■ Activity: Word for word, restate the lines of the data below between those holding "Kommen wir jetzt" and "献立 ご飯 マーボー汁 魚の甘酢あんかけ ごま和え オレンジジュース", inclusive; pictures do not belong in the copy.
+++ Given records +++
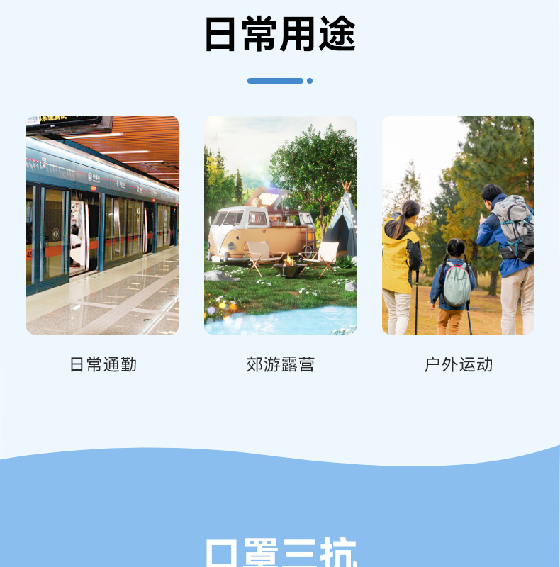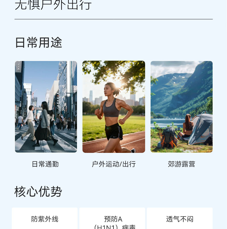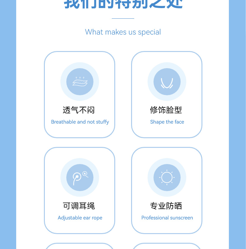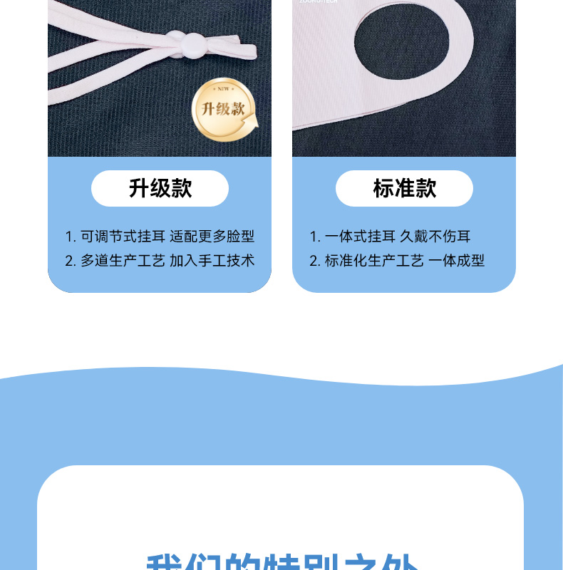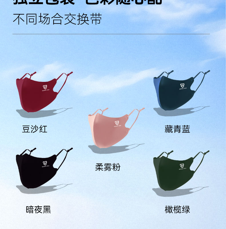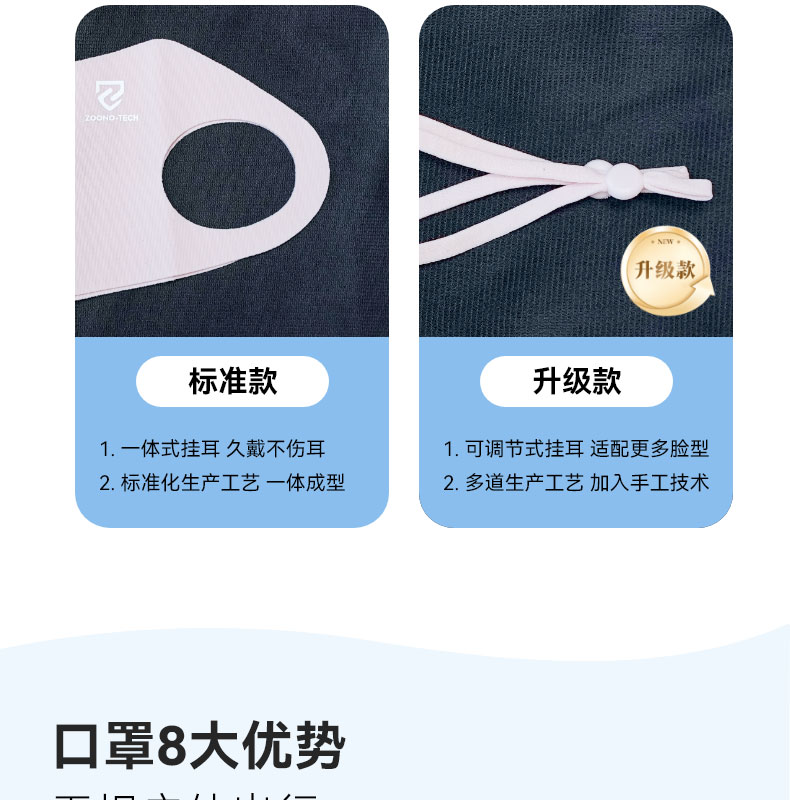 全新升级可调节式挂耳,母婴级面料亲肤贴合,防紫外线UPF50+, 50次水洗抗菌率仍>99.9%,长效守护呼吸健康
+++
+++ Given records +++
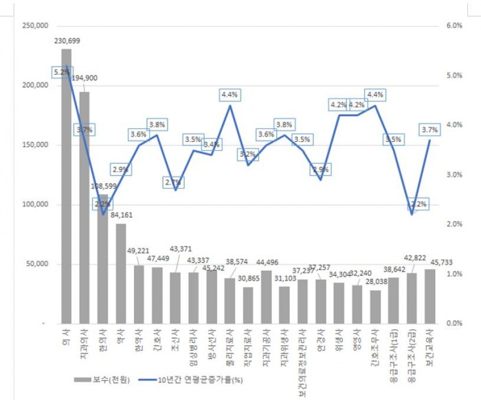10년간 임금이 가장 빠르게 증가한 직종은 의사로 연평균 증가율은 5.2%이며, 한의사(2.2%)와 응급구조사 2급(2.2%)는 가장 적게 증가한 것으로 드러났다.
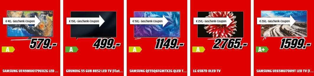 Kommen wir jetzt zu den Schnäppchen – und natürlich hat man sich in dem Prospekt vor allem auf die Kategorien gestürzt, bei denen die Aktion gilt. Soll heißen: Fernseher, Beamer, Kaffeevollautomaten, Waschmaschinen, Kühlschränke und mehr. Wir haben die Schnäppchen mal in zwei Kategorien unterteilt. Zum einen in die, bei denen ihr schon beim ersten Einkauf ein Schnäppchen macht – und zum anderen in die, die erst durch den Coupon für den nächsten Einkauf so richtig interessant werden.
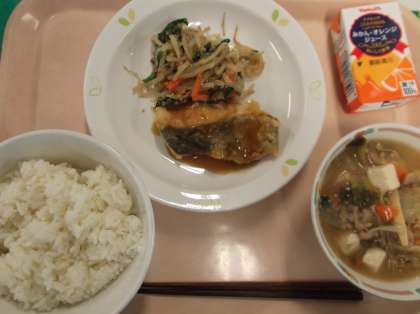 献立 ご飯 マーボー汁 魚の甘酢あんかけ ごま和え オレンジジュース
+++
■ Completed task:
 Kommen wir jetzt zu den Schnäppchen – und natürlich hat man sich in dem Prospekt vor allem auf die Kategorien gestürzt, bei denen die Aktion gilt. Soll heißen: Fernseher, Beamer, Kaffeevollautomaten, Waschmaschinen, Kühlschränke und mehr. Wir haben die Schnäppchen mal in zwei Kategorien unterteilt. Zum einen in die, bei denen ihr schon beim ersten Einkauf ein Schnäppchen macht – und zum anderen in die, die erst durch den Coupon für den nächsten Einkauf so richtig interessant werden.
 献立 ご飯 マーボー汁 魚の甘酢あんかけ ごま和え オレンジジュース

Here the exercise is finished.